Exercise requirements
Output all the records word for word. Drop the pictures.

Provided material
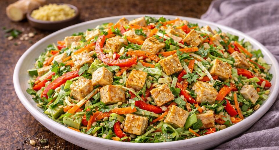 Салат с тофу и авокадо — отличный выбор для тех, кто стремится питаться правильно. Тофу обеспечивает необходимый белок, авокадо добавляет полезные жиры, а свежие овощи дарят хрустящую текстуру, витамины и помогают избежать переедания.
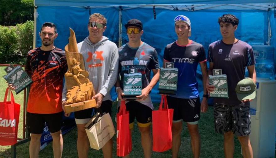 Agostini completó el recorrido —750 metros de natación en el Río Quequén, 20 kilómetros de ciclismo y 5 kilómetros de pedestrismo por avenida Jesuita Cardiel y avenida 58— en 59 minutos y 18 segundos. Alan Ibañez, de Tandil, llegó segundo con 1 hora y 39 segundos, mientras que el tercer puesto fue para otro local, Lucas Cossio, con 1 hora y 54 segundos. También tuvieron actuaciones destacadas Santiago Cataldo (Tandil), cuarto, y Tomás Benjamín González (Grand Bourg), quinto.
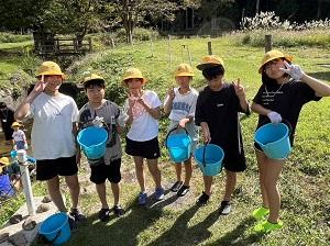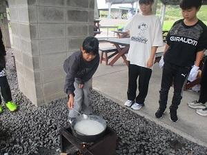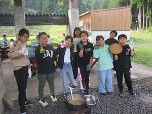 5年生の宿泊体験体験2日目。良いお天気にも恵まれ、計画していた通りのスケジュールを今日も行うことができました。午前中は、野外炊飯でカレーライスを作りました。お米を研いで、かまどで炊いて、カレーも野菜を切るところから作りました。もちろんかまどでのまき割りや火の調節も頑張りました。どのチームもとってもおいしく仕上がりましたよ。この3日間、けがも病気もなく無事全員が帰ってくることができて本当によかったです。ご指導してくださった小松市大杉みどりの里の職員の皆さん、そしてこの合宿にご理解ご協力いただいた保護者の皆様、本当にありがとうございました。
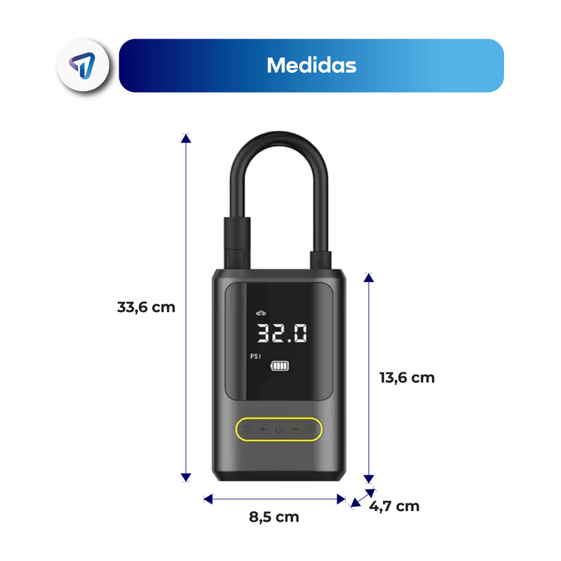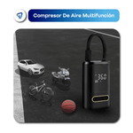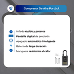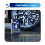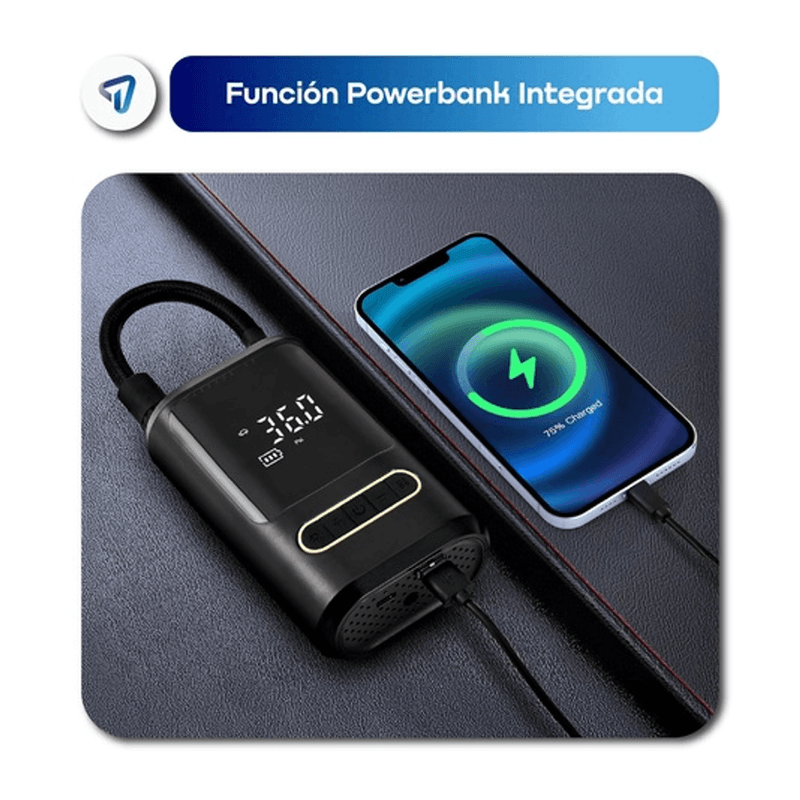 El Compresor de Aire Portátil WAGGS es la herramienta perfecta para inflar neumáticos de autos, motos, bicicletas, pelotas y colchones de forma rápida y segura. Su pantalla digital permite visualizar con precisión la presión y ajustar el inflado exacto gracias a su función de parada automática. Además, cuenta con luz LED para emergencias nocturnas y función powerbank con salida USB para cargar tus dispositivos. Su batería de 4000 mAh, potencia de 50W y presión máxima de 150 PSI garantizan eficiencia y portabilidad. Incluye manguera resistente al calor, cable Tipo-C, boquillas para distintos usos y cable de alimentación. Preparación y versatilidad en un solo equipo.
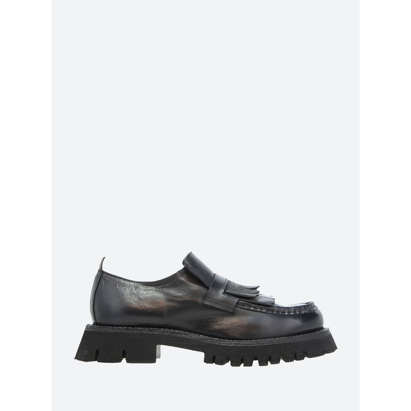 gravitypope Robella loafer has a classic style with a streamlined upper and minimal detailing. A double fringe decoration at the vamp gives it a modern look. Sits on a chunky lugged sole.

Written response
 Салат с тофу и авокадо — отличный выбор для тех, кто стремится питаться правильно. Тофу обеспечивает необходимый белок, авокадо добавляет полезные жиры, а свежие овощи дарят хрустящую текстуру, витамины и помогают избежать переедания.
 Agostini completó el recorrido —750 metros de natación en el Río Quequén, 20 kilómetros de ciclismo y 5 kilómetros de pedestrismo por avenida Jesuita Cardiel y avenida 58— en 59 minutos y 18 segundos. Alan Ibañez, de Tandil, llegó segundo con 1 hora y 39 segundos, mientras que el tercer puesto fue para otro local, Lucas Cossio, con 1 hora y 54 segundos. También tuvieron actuaciones destacadas Santiago Cataldo (Tandil), cuarto, y Tomás Benjamín González (Grand Bourg), quinto.
 5年生の宿泊体験体験2日目。良いお天気にも恵まれ、計画していた通りのスケジュールを今日も行うことができました。午前中は、野外炊飯でカレーライスを作りました。お米を研いで、かまどで炊いて、カレーも野菜を切るところから作りました。もちろんかまどでのまき割りや火の調節も頑張りました。どのチームもとってもおいしく仕上がりましたよ。この3日間、けがも病気もなく無事全員が帰ってくることができて本当によかったです。ご指導してくださった小松市大杉みどりの里の職員の皆さん、そしてこの合宿にご理解ご協力いただいた保護者の皆様、本当にありがとうございました。
 El Compresor de Aire Portátil WAGGS es la herramienta perfecta para inflar neumáticos de autos, motos, bicicletas, pelotas y colchones de forma rápida y segura. Su pantalla digital permite visualizar con precisión la presión y ajustar el inflado exacto gracias a su función de parada automática. Además, cuenta con luz LED para emergencias nocturnas y función powerbank con salida USB para cargar tus dispositivos. Su batería de 4000 mAh, potencia de 50W y presión máxima de 150 PSI garantizan eficiencia y portabilidad. Incluye manguera resistente al calor, cable Tipo-C, boquillas para distintos usos y cable de alimentación. Preparación y versatilidad en un solo equipo.
 gravitypope Robella loafer has a classic style with a streamlined upper and minimal detailing. A double fringe decoration at the vamp gives it a modern look. Sits on a chunky lugged sole.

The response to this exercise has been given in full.